[[ Dataset, beginning ]]
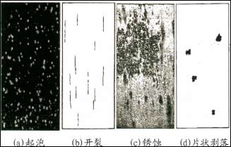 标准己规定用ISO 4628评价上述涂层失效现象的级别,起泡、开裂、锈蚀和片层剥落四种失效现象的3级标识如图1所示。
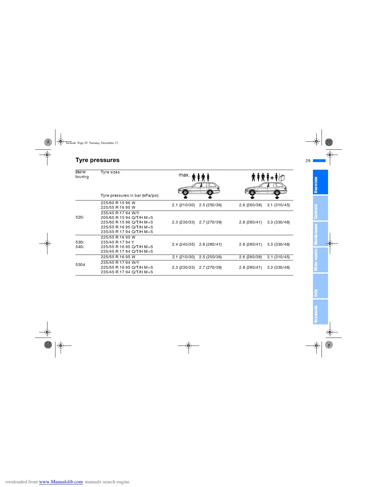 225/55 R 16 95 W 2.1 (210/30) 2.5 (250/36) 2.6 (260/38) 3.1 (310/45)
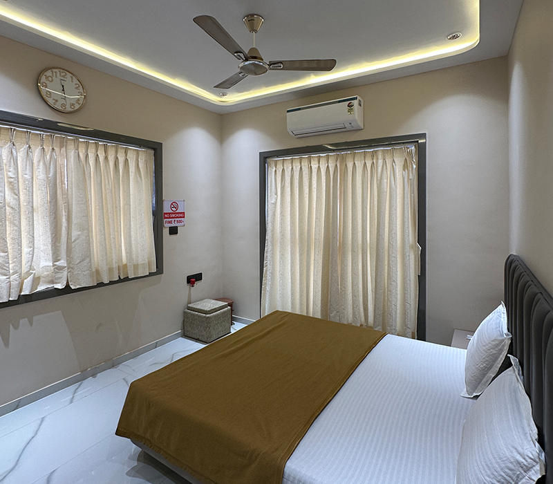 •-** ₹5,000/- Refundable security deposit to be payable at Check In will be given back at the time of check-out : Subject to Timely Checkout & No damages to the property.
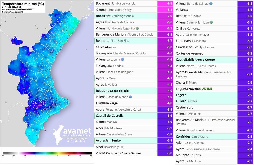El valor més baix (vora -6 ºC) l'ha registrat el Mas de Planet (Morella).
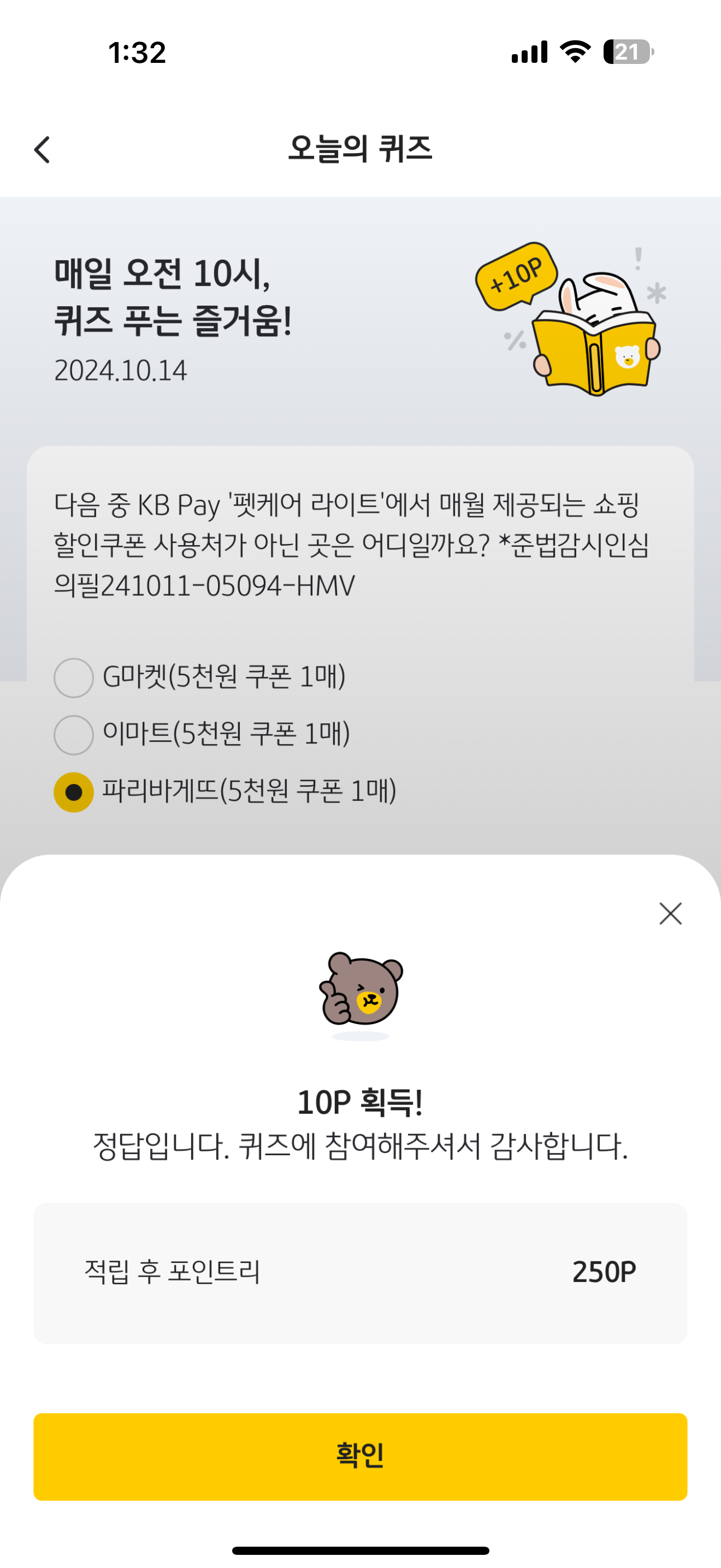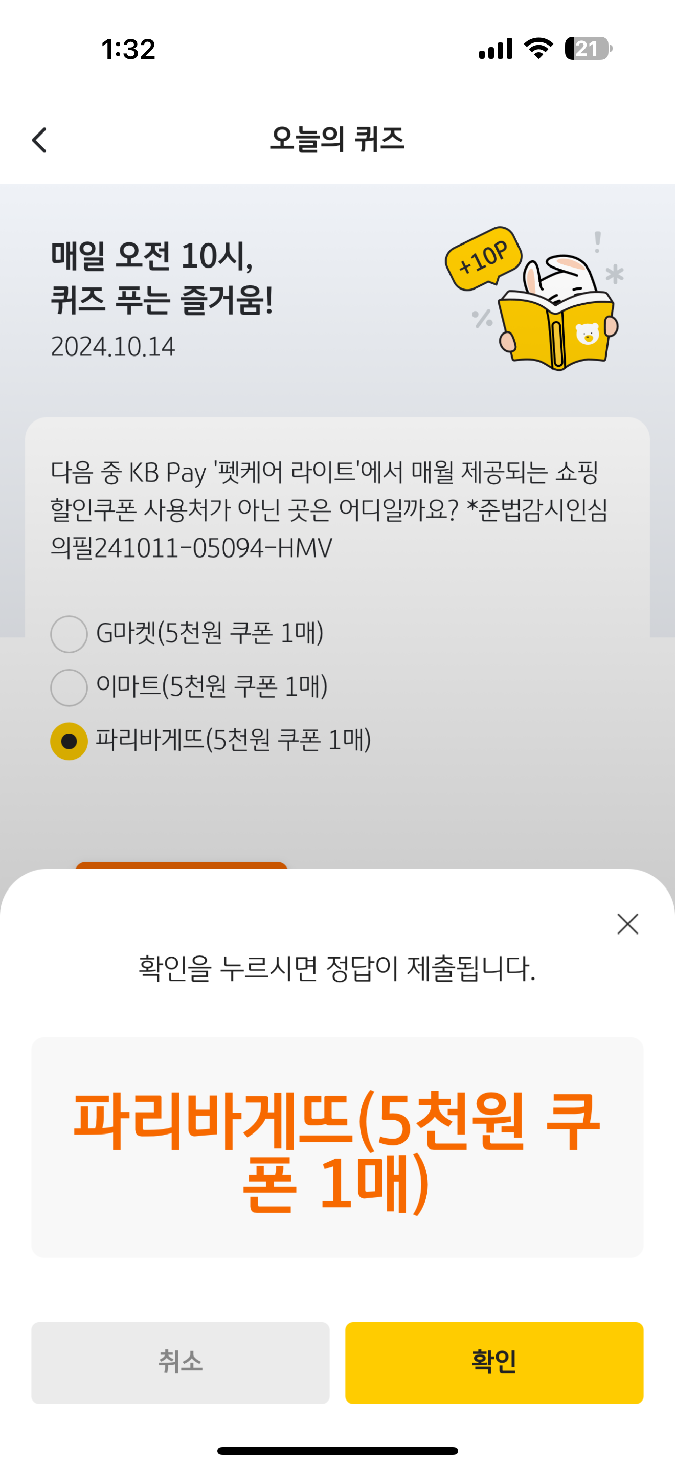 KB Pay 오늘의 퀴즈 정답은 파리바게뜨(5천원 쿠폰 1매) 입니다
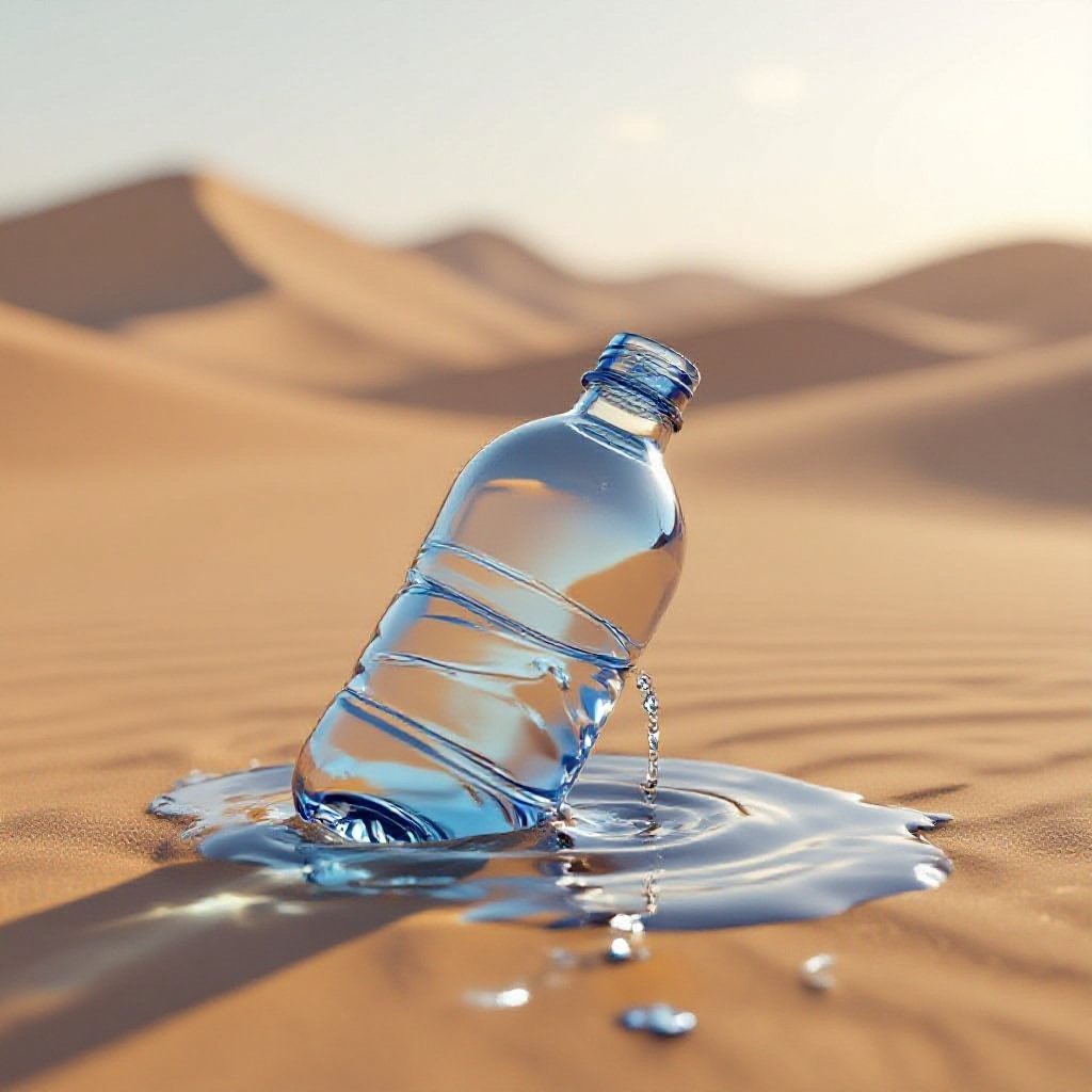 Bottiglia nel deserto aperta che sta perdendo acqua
[[ Dataset, end ]]
Brief –
Output the data above exactly, beginning at its first line and ending with the line that holds "El valor més". Leave out the pictures and add nothing.

Response –
 标准己规定用ISO 4628评价上述涂层失效现象的级别,起泡、开裂、锈蚀和片层剥落四种失效现象的3级标识如图1所示。
 225/55 R 16 95 W 2.1 (210/30) 2.5 (250/36) 2.6 (260/38) 3.1 (310/45)
 •-** ₹5,000/- Refundable security deposit to be payable at Check In will be given back at the time of check-out : Subject to Timely Checkout & No damages to the property.
El valor més baix (vora -6 ºC) l'ha registrat el Mas de Planet (Morella).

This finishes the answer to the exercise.